Me: Yes. In the Bible, the best water to drink came from springs like this one. It’s good for you to drink. It’s healthy and makes you feel better.

Kasen: And it tastes good.

Me: Yeah – and it’s cold too. I like it.

Me: In the Bible, Jesus says He has the “living water.” He is good for us and makes us feel better too. 

Kasen: Jesus is the “living water.”

Me: Yeah, He nourishes us and quenches our thirst. Jesus is the best thing for us. Even better than this water.

Kasen: Daddy, Can I get some more water?

Me: Of course. I’m gonna get some with you.


Check out these verses:

John 4:13-14 – “13 Jesus answered, “Everyone who drinks this water will be thirsty again, 14 but whoever drinks the water I give them will never thirst. Indeed, the water I give them will become in them a spring of water welling up to eternal life.”

John 7:37-38 –  “37 On the last and greatest day of the festival, Jesus stood and said in a loud voice, “Let anyone who is thirsty come to me and drink. 38 Whoever believes in me, as Scripture has said, rivers of living water will flow from within them.”

 

 

 

Unexpected Emotion

20120414-184319.jpg
Miranda’s words triggered something in me.

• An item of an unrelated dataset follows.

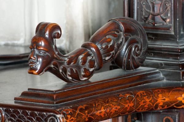 Bracciolo di stallo di coro costituito dalla figura scolpita di un animale fantastico avente la testa d'uomo e il corpo di lumaca: il corpo che fuoriesce dalla chiocciola è avvolto da foglie e stretto in un anello; sulla testa dell'uomo vi è una larga voluta a ricciolo.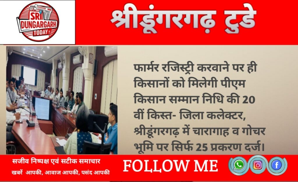 जिला कलेक्टर ने कहा कि चारागाह और गौचर भूमि पर अतिक्रमण के मामले केवल कोलायत, श्री डूंगरगढ़, नोखा और लूणकरणसर में क्रमश 186, 25,06 और 01 दर्ज है अन्य तहसीलों में दर्ज क्यों नहीं है। जिला कलेक्टर ने सभी तहसीलों में चारागाह और गोचर भूमि पर अतिक्रमण के मामलों को दर्ज करने के निर्देश दिए।

They cut deeply – a mixture of pain, sadness, thankfulness, and joy…….all evidence of true….LIFE.

She grinned as she spoke, “Oh….we can put something on the back!”

I hadn’t prepared myself for this moment. My mind was flooded with emotion. We had talked a few times about getting ourselves TBall shirts to support Kasen’s team, but this thought was new…unexpected.

In that split second, I remembered being embarrassed by my dad who wore a shirt with what seemed like a neon sign flashing “CORN’S POP” on the back. It was WAY over the top and as a teenager WAY embarrassing…..but then again, his love for me (and my brother and sister) was also WAY over the top.

Anybody wanna guess what I’ll have printed on the back of my TBall shirt?

PS: Pics coming as soon as the shirts arrive.